Input data
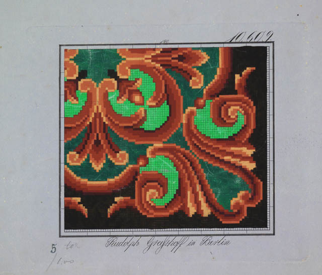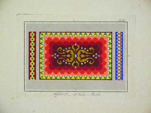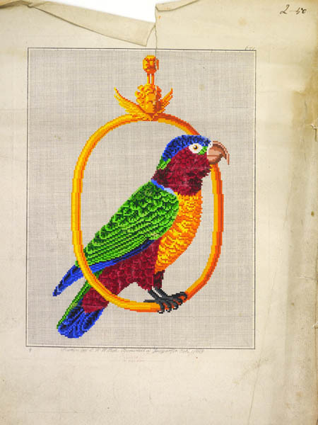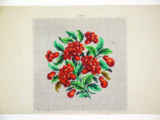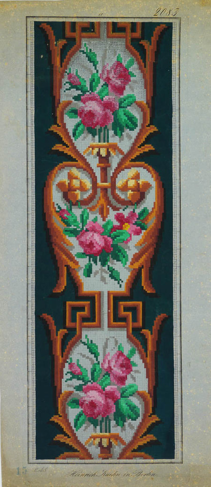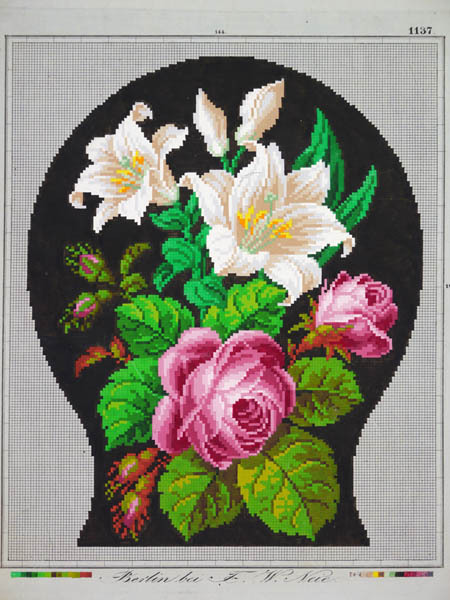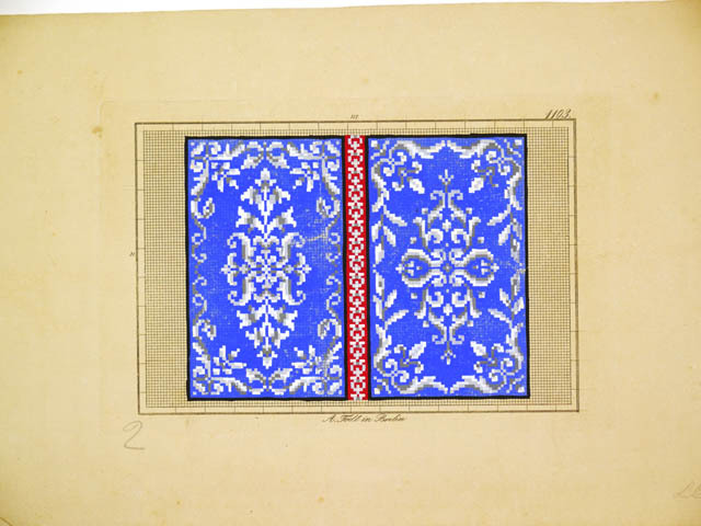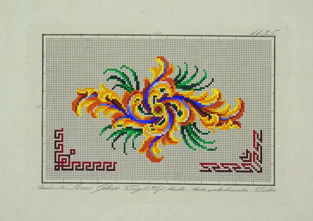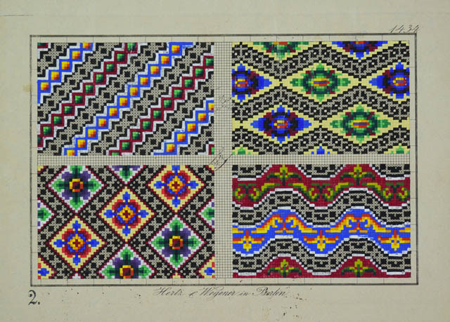 Borduurpatronen, met de hand ingekleurd met gouache....
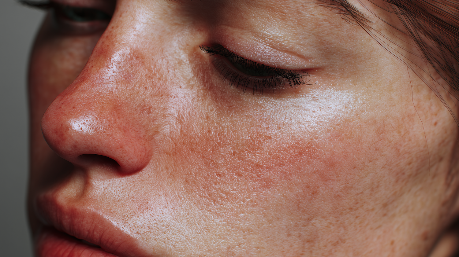Close-up of a human face showing detailed skin texture, freckles, and natural features with a focus on the nose and cheek area.
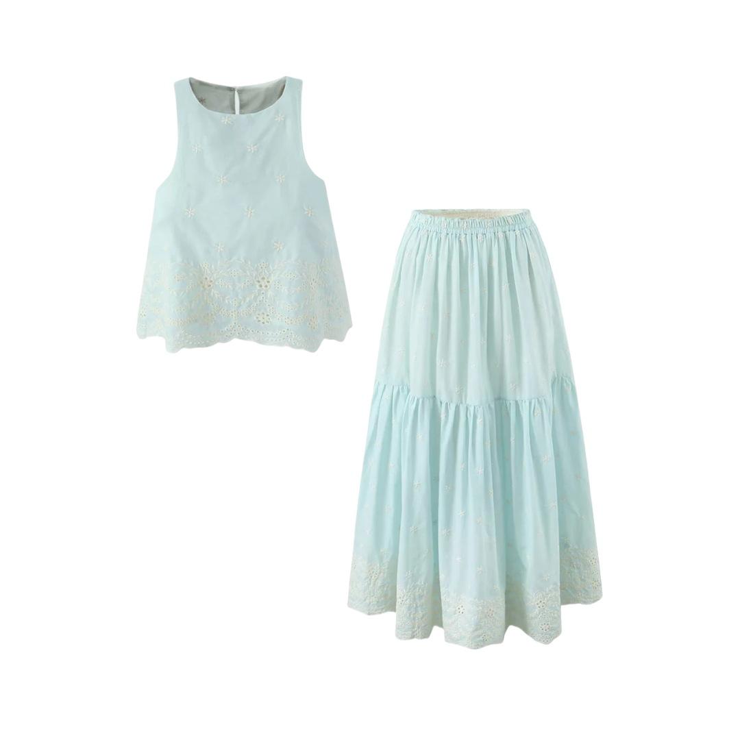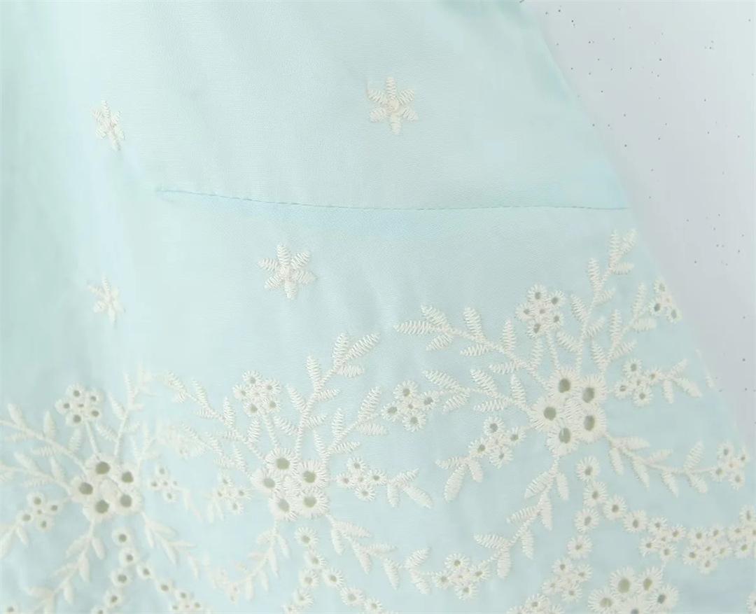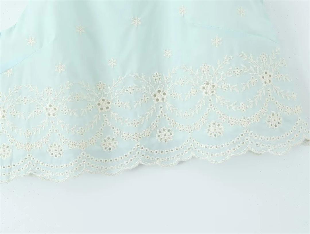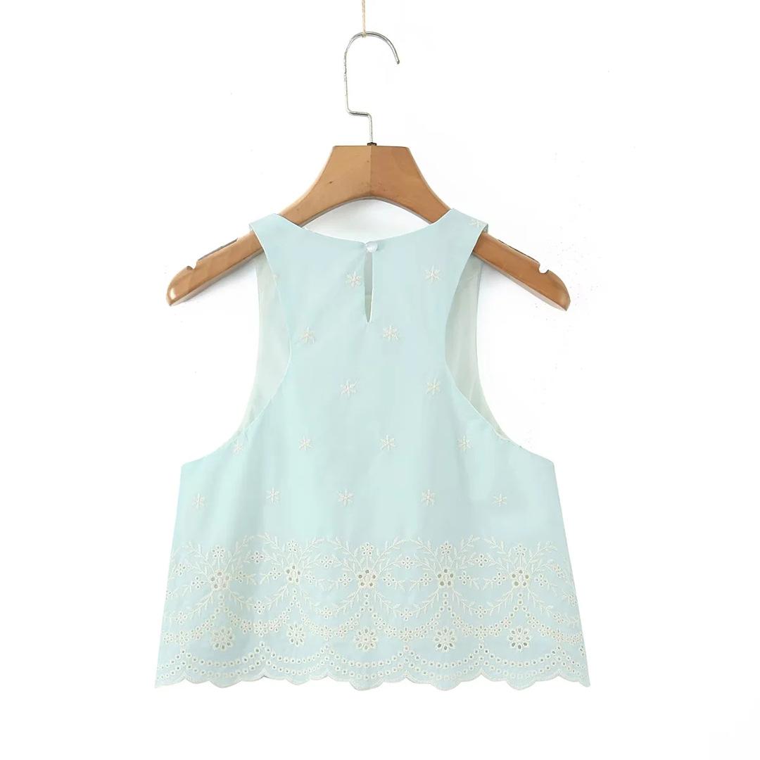 Viaje Suave Cuello Redondo Sin Mangas Chaleco Bordado Cintura Loof Costuras Encaje Vacaciones en la Playa Vestido Largo traje
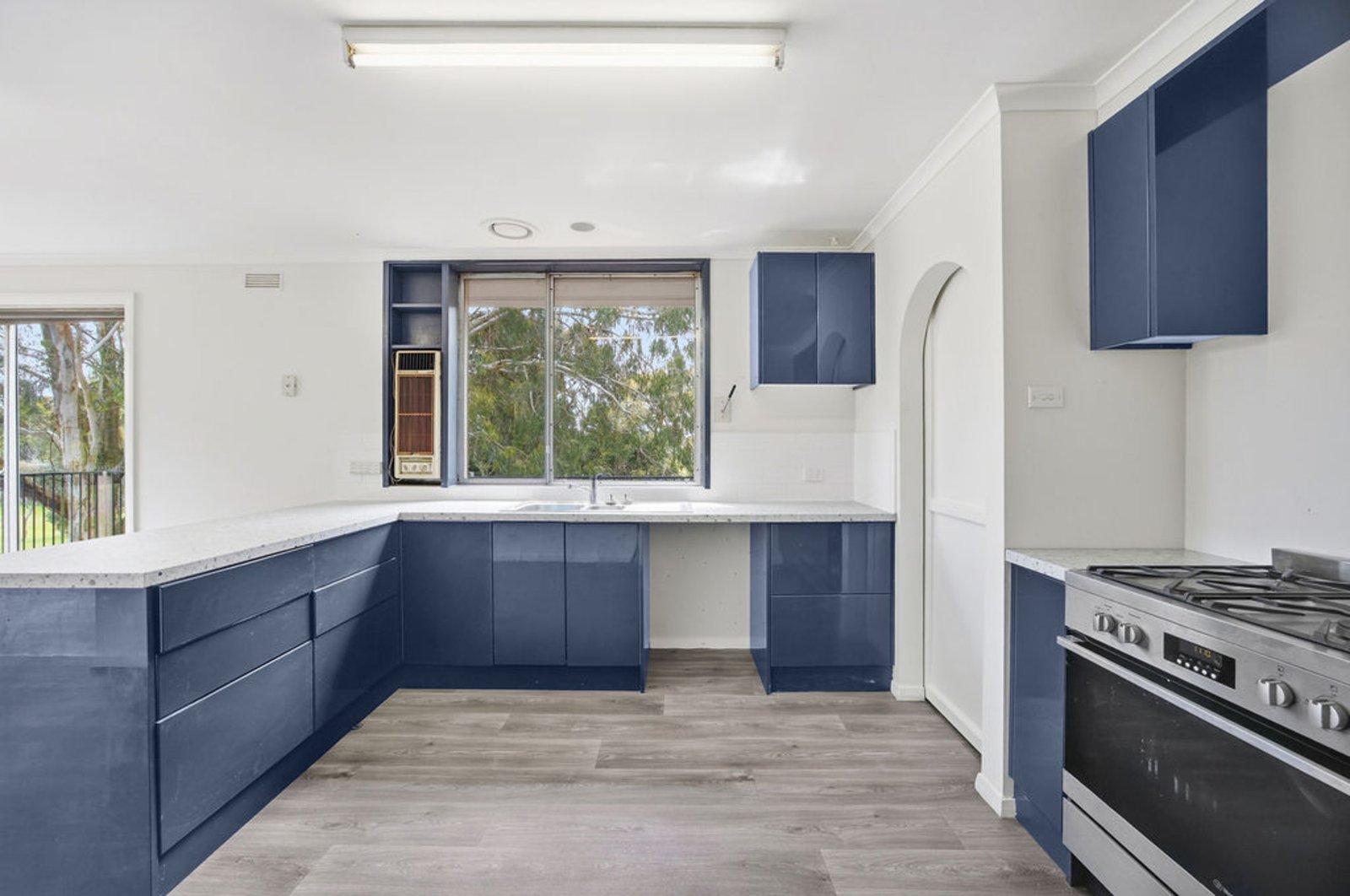 Featuring four spacious bedrooms, two bathrooms and three living zones including a separate rumpus room equipped with a split system there’s room for everyone to unwind. The heart of the home is kept warm and cosy with a wood fire, while the well-appointed kitchen boasts a built-in pantry, 900mm gas oven and stove, making family dinners and gatherings a pleasure.
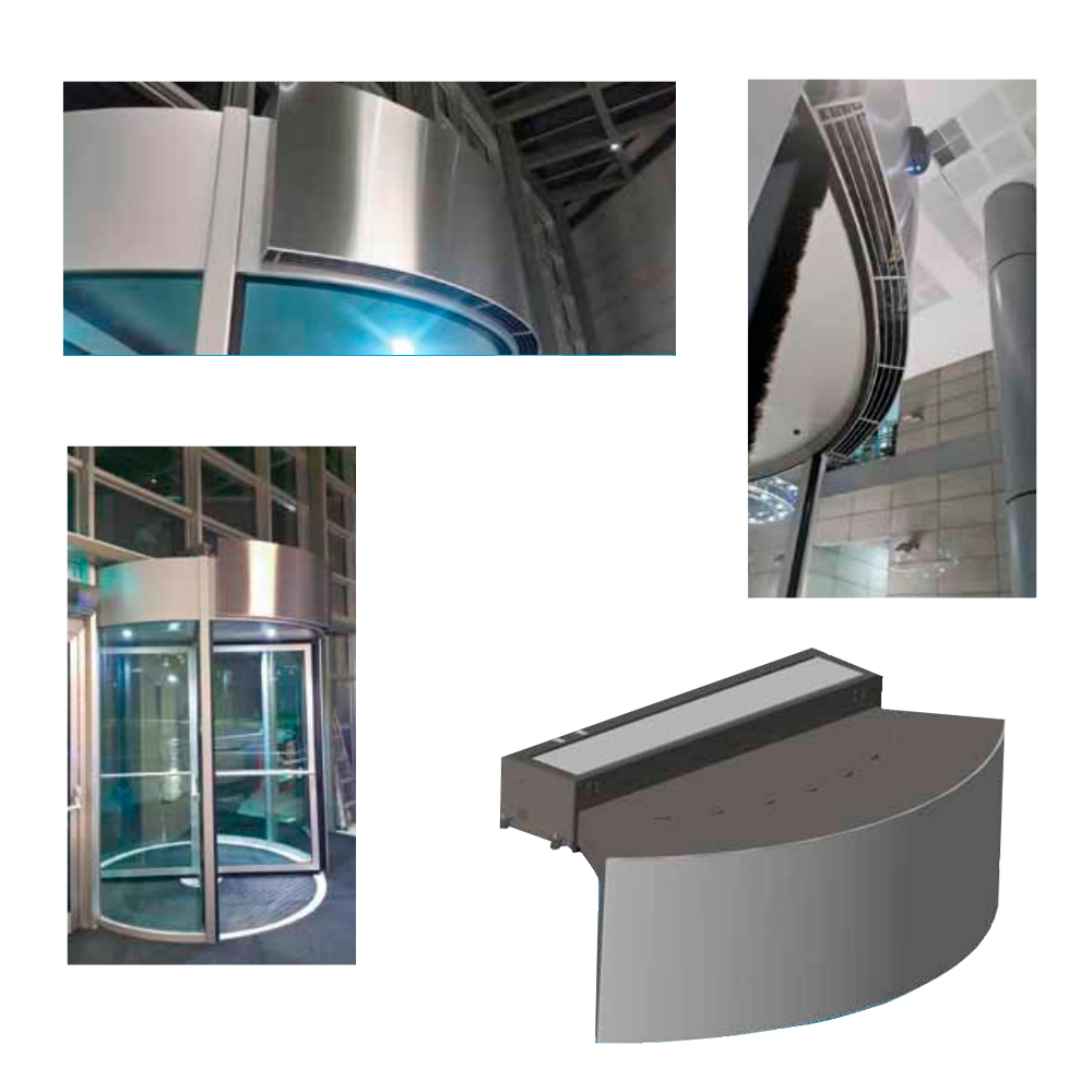 Повітряні завіси для дверей карусельного типу, що обертаються, досить специфічний продукт, але не замінний для великих торгових центрів, бізнес центрів, розважальних та інших закладів де встановлені обертові двері.

Exercise objective
In the copy, include each line from the start of the material through the line with "Featuring four spacious", word for word, but none of the pictures.

Task output
 Borduurpatronen, met de hand ingekleurd met gouache....
Close-up of a human face showing detailed skin texture, freckles, and natural features with a focus on the nose and cheek area.
 Viaje Suave Cuello Redondo Sin Mangas Chaleco Bordado Cintura Loof Costuras Encaje Vacaciones en la Playa Vestido Largo traje
 Featuring four spacious bedrooms, two bathrooms and three living zones including a separate rumpus room equipped with a split system there’s room for everyone to unwind. The heart of the home is kept warm and cosy with a wood fire, while the well-appointed kitchen boasts a built-in pantry, 900mm gas oven and stove, making family dinners and gatherings a pleasure.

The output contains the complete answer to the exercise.